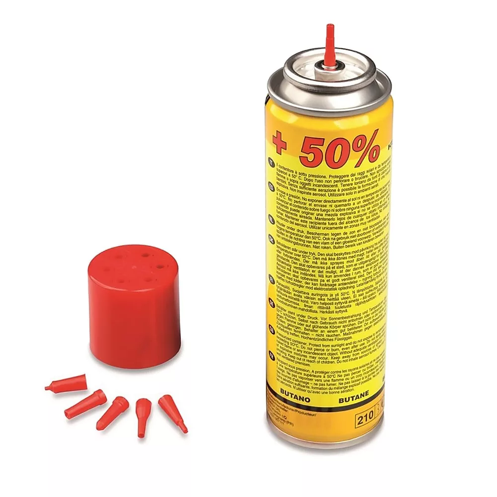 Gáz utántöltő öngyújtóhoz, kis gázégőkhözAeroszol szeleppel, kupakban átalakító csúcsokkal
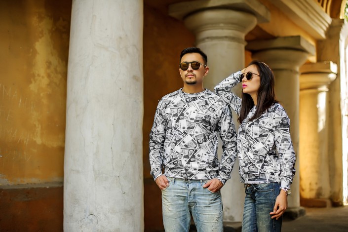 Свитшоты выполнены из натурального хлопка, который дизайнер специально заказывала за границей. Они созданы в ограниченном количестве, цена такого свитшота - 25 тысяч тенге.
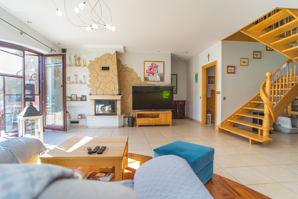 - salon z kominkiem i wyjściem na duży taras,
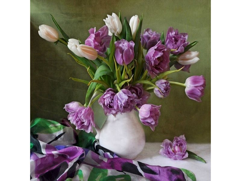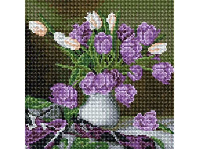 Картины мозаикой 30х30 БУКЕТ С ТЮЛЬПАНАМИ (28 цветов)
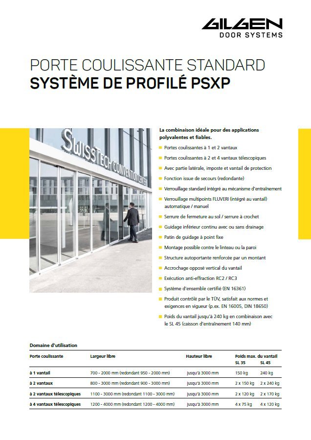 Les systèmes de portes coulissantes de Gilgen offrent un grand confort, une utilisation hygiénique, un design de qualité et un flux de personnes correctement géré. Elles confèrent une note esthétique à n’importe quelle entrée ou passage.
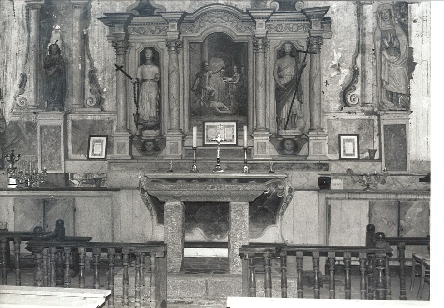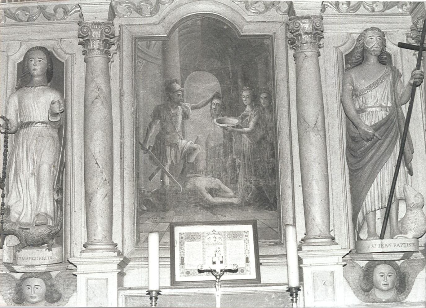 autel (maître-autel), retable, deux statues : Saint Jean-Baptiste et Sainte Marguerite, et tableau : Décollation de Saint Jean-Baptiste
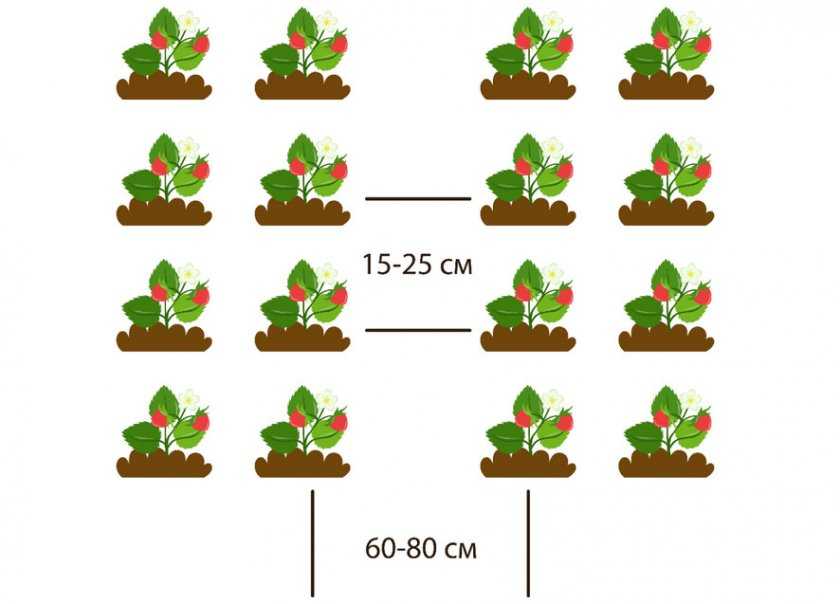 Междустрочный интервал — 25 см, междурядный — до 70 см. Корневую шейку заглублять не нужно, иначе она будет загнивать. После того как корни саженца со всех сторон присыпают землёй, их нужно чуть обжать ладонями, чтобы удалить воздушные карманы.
* * *
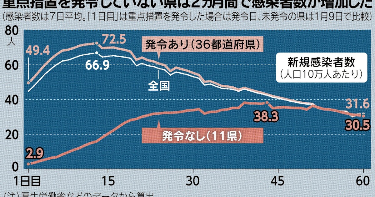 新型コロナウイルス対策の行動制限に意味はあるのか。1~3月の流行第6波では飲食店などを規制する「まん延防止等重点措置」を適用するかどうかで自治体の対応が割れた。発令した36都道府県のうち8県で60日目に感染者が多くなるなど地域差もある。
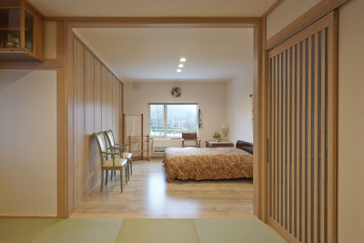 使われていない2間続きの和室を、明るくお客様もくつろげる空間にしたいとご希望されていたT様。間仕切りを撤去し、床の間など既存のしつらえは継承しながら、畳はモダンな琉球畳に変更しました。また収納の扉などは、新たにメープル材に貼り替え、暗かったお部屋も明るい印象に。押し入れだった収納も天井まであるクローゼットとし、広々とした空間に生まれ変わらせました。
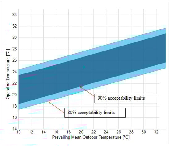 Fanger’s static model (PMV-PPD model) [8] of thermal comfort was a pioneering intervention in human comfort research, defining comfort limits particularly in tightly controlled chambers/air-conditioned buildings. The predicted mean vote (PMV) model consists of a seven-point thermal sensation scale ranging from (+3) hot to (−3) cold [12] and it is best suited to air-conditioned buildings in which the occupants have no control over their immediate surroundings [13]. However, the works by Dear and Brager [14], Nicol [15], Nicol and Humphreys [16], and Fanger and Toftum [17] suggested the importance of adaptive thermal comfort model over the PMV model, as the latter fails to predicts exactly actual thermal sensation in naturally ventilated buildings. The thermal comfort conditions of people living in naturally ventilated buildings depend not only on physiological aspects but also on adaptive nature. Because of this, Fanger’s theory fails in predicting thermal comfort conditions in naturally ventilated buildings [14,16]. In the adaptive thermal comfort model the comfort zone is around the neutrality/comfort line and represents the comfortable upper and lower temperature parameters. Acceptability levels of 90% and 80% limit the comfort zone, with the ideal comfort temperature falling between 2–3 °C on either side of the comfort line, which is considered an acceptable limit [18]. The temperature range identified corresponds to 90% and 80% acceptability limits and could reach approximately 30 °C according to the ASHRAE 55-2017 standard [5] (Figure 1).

WORK ITEM »
Beginning with the line above that contains "Les systèmes de" and ending with the line that contains "Междустрочный интервал —", quote each line exactly, keeping out the pictures.

EXERCISE RESPONSE »
 Les systèmes de portes coulissantes de Gilgen offrent un grand confort, une utilisation hygiénique, un design de qualité et un flux de personnes correctement géré. Elles confèrent une note esthétique à n’importe quelle entrée ou passage.
 autel (maître-autel), retable, deux statues : Saint Jean-Baptiste et Sainte Marguerite, et tableau : Décollation de Saint Jean-Baptiste
 Междустрочный интервал — 25 см, междурядный — до 70 см. Корневую шейку заглублять не нужно, иначе она будет загнивать. После того как корни саженца со всех сторон присыпают землёй, их нужно чуть обжать ладонями, чтобы удалить воздушные карманы.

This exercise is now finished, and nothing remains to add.